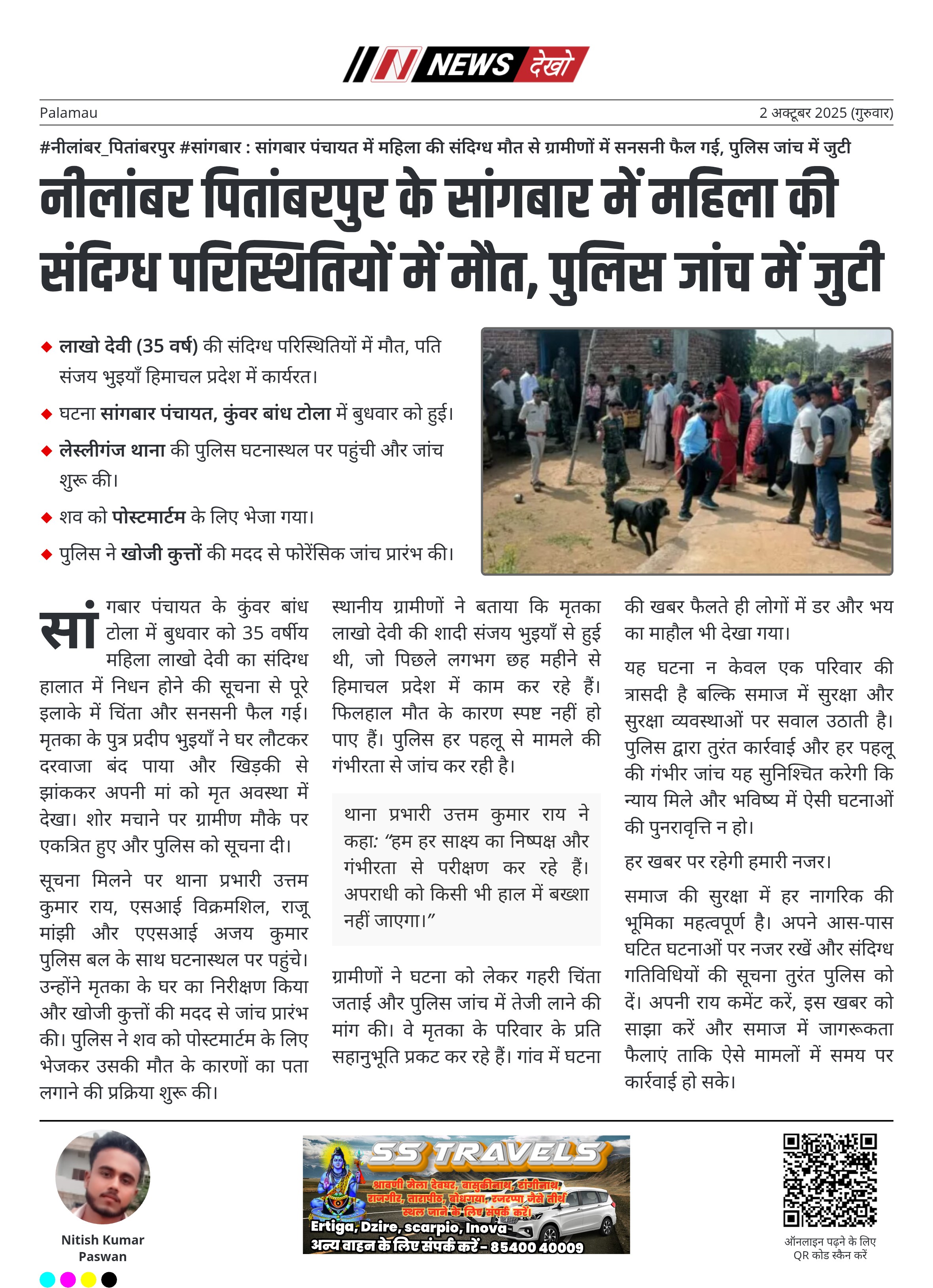 #नीलांबर_पितांबरपुर #सांगबार : सांगबार पंचायत में महिला की संदिग्ध मौत से ग्रामीणों में सनसनी फैल गई, पुलिस जांच में जुटी लाखो देवी (35 वर्ष) की संदिग्ध परिस्थितियों में मौत, पति संजय भुइयाँ हिमाचल प्रदेश में कार्यरत। घटना सांगबार पंचायत, कुंवर बांध टोला में बुधवार को हुई। लेस्लीगंज थाना की पुलिस घटनास्थल पर पहुंची और जांच शुरू की। शव को पोस्टमार्टम के लिए भेजा गया। पुलिस ने खोजी कुत्तों की मदद से फोरेंसिक जांच प्रारंभ की। सांगबार पंचायत के कुंवर बांध…
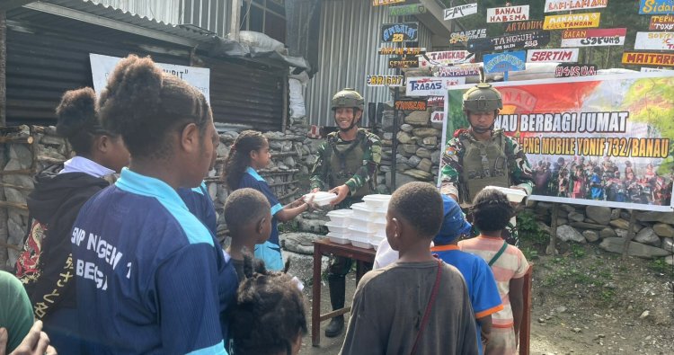 PUNCAK - Kehangatan menyelimuti Kampung Milawak di Distrik Beoga, Kabupaten Puncak, Papua Tengah, ketika personel Pos Beoga dari Satgas Pamtas RI-PNG Yonif 732/Banau menggelar program "Banau Berbagi Jumat". Kegiatan yang berlangsung pada Jumat (14/11/2025) ini bertujuan untuk mempererat tali silaturahmi dan menyebarkan kepedulian kepada masyarakat setempat, khususnya para generasi penerus bangsa.
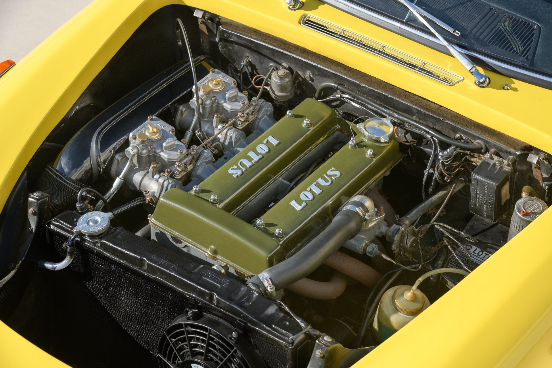 During his tenure he personally maintained the car and undertook all of the essential tasks including changing the time-worn original chassis for a Lotus-supplied galvanised replacement. The car was painted by the late, legendary Mick Miller, and the paintwork remains superb to this day. A check with the Lotus registrar also confirms that this car still retains its original factory supplied twin-cam motor fed via twin Weber carburettors. All of the important detail pieces which are becoming so hard to find for early Elans are present on this car, including, for example, black insert ‘teardrop’ gear knob, rear view mirror, Radiomobile radio, original jack etc. Most recently this car has received a great deal of refining and servicing by specialists at Bell Classic, invoices for which are available in the history folder.

■ ■ ■ ■ ■ ■ ■

> _REQUIRED WORK_
In the data above, find the line containing "PUNCAK - Kehangatan", then output it and every later line exactly, without the pictures.

> _RESPONSE FOR THIS EXERCISE_
 PUNCAK - Kehangatan menyelimuti Kampung Milawak di Distrik Beoga, Kabupaten Puncak, Papua Tengah, ketika personel Pos Beoga dari Satgas Pamtas RI-PNG Yonif 732/Banau menggelar program "Banau Berbagi Jumat". Kegiatan yang berlangsung pada Jumat (14/11/2025) ini bertujuan untuk mempererat tali silaturahmi dan menyebarkan kepedulian kepada masyarakat setempat, khususnya para generasi penerus bangsa.
 During his tenure he personally maintained the car and undertook all of the essential tasks including changing the time-worn original chassis for a Lotus-supplied galvanised replacement. The car was painted by the late, legendary Mick Miller, and the paintwork remains superb to this day. A check with the Lotus registrar also confirms that this car still retains its original factory supplied twin-cam motor fed via twin Weber carburettors. All of the important detail pieces which are becoming so hard to find for early Elans are present on this car, including, for example, black insert ‘teardrop’ gear knob, rear view mirror, Radiomobile radio, original jack etc. Most recently this car has received a great deal of refining and servicing by specialists at Bell Classic, invoices for which are available in the history folder.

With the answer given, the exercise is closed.